I’ve noted that I’ve been having trouble sleeping. At first it was due to lack of noises and such, and so I switched from wearing ear plugs at night (hear your own breathing) to turning on a fan. The last few nights, however, my mind will not let me go to sleep. I keep running the scenario of “what if meth heads break into the apartment” over and over in my mind. I have a loaded .357 magnum pistol next to where I sleep, I’ve had it for years, but recently I’ve had the urge to sleep “with” it, to feel it next to me while I drift off. All of this has me asking myself, is this residual from my experience in Iraq? I can recall walking down a street shortly after arriving in America and the odd sensation of not having a loaded rifle and having to scan for enemy as I walked. And I wont even go into the feelings I felt as traffic zoomed up behind me on the highway (I wanted to swerve into them and yell at my gunner to fire a warning shot).

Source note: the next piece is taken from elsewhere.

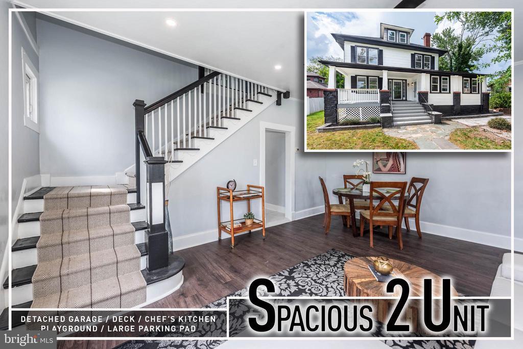 Experience comfort, flexibility, and income potential in this newly renovated, non-conforming 2-unit Colonial offering over 2,500 sq. ft. of thoughtfully designed living space! The expansive owner’s unit welcomes you with a light-filled living room that flows into a dining area—perfect for hosting holidays and family dinners. The gourmet kitchen is a true showstopper, featuring sleek Quartz countertops, custom cabinetry, and high-end appliances to inspire your inner chef. A convenient main-level half bath adds function, while upstairs you’ll find 5 bedrooms and 3.5 baths, including a dream-worthy Primary Suite with a custom walk-in closet, built-in organizers, and a spa-like bath with dual vanities and an oversized walk-in shower. The second unit offers its own inviting layout with warm wood laminate flooring, a comfortable living room, a sunny dining area, a fully equipped kitchen, a laundry room, and 3 spacious bedrooms with a full bath—ideal for extended family, guests, or rental income. Extra features include an unfinished basement for abundant storage, a rear deck for summer barbecues, a detached 2-car garage plus additional driveway parking, and a charming front porch overlooking a large yard with its very own play area. Whether you choose to live in one unit and rent the other, or simply enjoy the versatility for multi-generational living, this property offers endless possibilities—all just minutes from I-695, I-70, and Route 40 for quick access to shopping, dining, and commuter routes.

Yesterday I printed out some color copies of my bartending resume that has a picture of me juggling a bottle of alcohol, ala Tom Cruise in “Cocktail”. I then started hitting every restaurant around and on my third one, a very nice place called “Gustav’s” I had an interview. The service manager told me that she would hire me on the spot, but that I had to also see the GM. I have an appointment with him today. I am reading headlines of news, drinking coffee, and getting ready to go hit a quick cardio workout before the interview. I hope I get it.

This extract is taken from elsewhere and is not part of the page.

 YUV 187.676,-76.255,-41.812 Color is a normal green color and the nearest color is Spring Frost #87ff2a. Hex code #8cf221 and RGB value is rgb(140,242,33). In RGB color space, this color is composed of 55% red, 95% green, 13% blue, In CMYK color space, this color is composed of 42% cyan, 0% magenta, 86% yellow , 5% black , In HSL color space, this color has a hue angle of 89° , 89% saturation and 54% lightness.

I have a cat named Pandora. She is precious to me. She is a black, American Short Haired Persian, that I found wandering the parking lot in Houston. I found out that a family had moved to the west coast and the wife didn’t like cats, so she conveniently left the cat there when they left. The little cat was hungry and skittish and I took her in. She immediately latched onto me and became my “little girl”. Over the next couple of years she’s been with me, I’ve greatly enjoyed her company. While looking for an apartment in Eugene that allowed cats, and not being able to afford the ones the did, I was going to camp on the river instead of give her up. But in the end I found an apartment and she is still with me. I’ve never yelled at her or anything. I am very gentle with her and I spoil her. She will lay on the ground and roll her belly up at me in order to get a petting.
Eliza has a cat, she got him while I was in Iraq, that is a Siamese mix (has another breed in it’s blood). He is a juvenile male and is quite goofy. He runs down the hallway with all the grace of a drunken Shetland Pony. He loves to chase bugs, specks of dust on a breeze, or his reflection in the patio door. I play around with him all the time and I refer to him as shit head.

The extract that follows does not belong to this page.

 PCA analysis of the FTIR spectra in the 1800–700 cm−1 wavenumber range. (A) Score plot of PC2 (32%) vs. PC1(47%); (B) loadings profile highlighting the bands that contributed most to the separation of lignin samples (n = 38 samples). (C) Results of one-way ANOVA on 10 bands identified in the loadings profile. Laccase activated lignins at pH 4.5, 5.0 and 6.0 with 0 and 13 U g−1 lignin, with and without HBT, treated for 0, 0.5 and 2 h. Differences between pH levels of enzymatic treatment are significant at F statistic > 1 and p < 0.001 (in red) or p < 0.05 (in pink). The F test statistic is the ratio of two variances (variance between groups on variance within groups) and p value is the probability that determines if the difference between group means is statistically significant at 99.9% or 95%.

I was wondering, this morning while caffeine fills in the synaptic clefts of my brain, if I treated the cats different because of their personality, or by the fact that one is a goofy boy and the other a sweet girl. It made me give pause to consider how I might act to kids of my own were they to be a boy and a girl. Could I allow the boy to be quiet and reflective and the girl to be a tomboy? I hope so. I hope that I would give all that I could so that their personalities and character would be as deep and broad as possible, that their character and personality would be much of their own choosing.
Just some thoughts.
Now I must go hit the cardio workout. I’ve dropped 10 pounds since coming home, and I’ve got another 9 to go on my goal. After hitting that goal I’ll create another one. Eat the elephant by the spoonful!